Over the past 10 years, we have seen the development of the related and growing problems of obesity and low levels of physical activity in Scotland’s children. As we all know, this is likely to lead to major health problems in the future.
Take Life On
The Scottish government has launched the Take Life On initiative to try to address this. It was launched recently by Dr Andrew Murray MRCGP, the government’s physical activity champion, you can read the full press release for further details.
GPs have differing views on this; some believe this has little to do with general practice, others think that we can help families with changing behaviours through our relationship of trust with them. To keep him grounded, dr Murray is being advised by RCGP Scotland’s physical activity reference group in matters relating to what can be achieved by GPs and other primary care professionals in Scotland.
New cancer campaign
The Scottish government launched an ambitious new campaign last week that aims to improve cancer survival through encouraging people to approach their GP earlier with concerns and encouraging early referral where clinically indicated.

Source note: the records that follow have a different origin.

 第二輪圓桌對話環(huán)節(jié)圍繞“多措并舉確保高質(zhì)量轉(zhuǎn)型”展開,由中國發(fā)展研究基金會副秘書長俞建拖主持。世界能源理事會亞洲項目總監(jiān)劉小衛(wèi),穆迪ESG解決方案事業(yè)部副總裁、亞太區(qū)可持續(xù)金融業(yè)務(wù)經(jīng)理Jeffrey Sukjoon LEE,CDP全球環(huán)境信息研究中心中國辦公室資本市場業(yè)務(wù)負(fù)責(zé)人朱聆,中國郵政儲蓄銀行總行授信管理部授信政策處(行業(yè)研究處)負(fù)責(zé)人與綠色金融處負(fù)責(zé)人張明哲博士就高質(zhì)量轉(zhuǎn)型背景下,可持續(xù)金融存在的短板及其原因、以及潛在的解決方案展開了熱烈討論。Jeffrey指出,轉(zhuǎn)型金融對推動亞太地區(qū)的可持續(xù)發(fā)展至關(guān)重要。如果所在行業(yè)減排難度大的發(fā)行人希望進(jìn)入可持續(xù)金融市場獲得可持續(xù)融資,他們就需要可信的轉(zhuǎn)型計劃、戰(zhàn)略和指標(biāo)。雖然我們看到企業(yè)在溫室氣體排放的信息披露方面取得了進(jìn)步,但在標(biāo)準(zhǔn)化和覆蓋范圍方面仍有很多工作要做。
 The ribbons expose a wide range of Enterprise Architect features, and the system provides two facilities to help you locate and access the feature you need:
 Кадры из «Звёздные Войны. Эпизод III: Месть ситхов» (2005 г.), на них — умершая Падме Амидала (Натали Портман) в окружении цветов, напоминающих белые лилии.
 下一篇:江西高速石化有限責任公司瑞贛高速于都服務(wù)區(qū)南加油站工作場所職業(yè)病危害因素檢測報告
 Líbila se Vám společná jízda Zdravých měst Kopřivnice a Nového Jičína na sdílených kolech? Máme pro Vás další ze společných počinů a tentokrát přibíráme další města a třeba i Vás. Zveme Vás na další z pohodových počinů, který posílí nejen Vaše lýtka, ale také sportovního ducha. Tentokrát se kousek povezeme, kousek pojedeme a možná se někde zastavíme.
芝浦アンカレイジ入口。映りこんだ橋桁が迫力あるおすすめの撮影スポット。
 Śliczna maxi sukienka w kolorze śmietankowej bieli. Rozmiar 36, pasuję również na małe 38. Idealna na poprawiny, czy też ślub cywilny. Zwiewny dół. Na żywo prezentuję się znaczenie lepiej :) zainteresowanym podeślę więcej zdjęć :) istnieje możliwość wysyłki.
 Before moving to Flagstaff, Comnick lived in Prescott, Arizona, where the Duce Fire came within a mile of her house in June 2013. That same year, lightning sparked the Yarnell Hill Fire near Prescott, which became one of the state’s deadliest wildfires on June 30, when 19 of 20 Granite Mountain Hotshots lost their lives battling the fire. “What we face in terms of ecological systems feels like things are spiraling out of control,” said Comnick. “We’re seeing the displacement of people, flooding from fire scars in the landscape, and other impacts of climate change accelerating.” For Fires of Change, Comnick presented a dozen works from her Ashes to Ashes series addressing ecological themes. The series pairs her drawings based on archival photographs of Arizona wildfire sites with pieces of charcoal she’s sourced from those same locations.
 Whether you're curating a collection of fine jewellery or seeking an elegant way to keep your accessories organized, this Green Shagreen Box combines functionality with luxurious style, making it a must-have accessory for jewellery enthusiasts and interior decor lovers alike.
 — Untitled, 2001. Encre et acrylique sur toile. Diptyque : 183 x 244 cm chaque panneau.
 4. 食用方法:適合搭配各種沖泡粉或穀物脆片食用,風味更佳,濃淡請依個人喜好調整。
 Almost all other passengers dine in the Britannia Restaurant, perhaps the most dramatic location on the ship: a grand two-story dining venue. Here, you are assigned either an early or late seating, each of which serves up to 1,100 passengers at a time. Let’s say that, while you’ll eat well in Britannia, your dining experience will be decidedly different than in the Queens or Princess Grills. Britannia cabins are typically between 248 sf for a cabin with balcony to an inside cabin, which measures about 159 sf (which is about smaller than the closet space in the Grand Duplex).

A series of television and radio adverts will be broadcast over the next six weeks, the start of a £30m campaign which aims to save more than 300 lives a year by the end of the next parliamentary term.
The plan will initially focus on breast, bowel and lung cancer. The plan will also tackle issues of fear and people’s reluctance to approach and discuss symptoms with their GP, problems with which we are all familiar.
Imaging and other diagnostic departments are preparing for an increase in early referral and there is funding available to increase the capacity of screening programmes. It is unlikely that there will be a major increase in patients with symptoms needing referral or investigation but practices may wish to discuss the initiative.
RCGP Scotland celebrates 60th anniversary
Finally, RCGP Scotland will celebrate its 60th anniversary in 2013, and this affords us a chance to both reflect and look forward. I think it’s important to remember that while technological advance may have made huge changes to the way treatment is delivered, what remains unchanged is the role of the GP as the trusted first point of contact.
A person-centred approach by a GP with the right clinical knowledge and good communication skills will always be key to encouraging our patients to talk to us about their health concerns, responding appropriately, and to us being able to deliver messages relating to healthy living.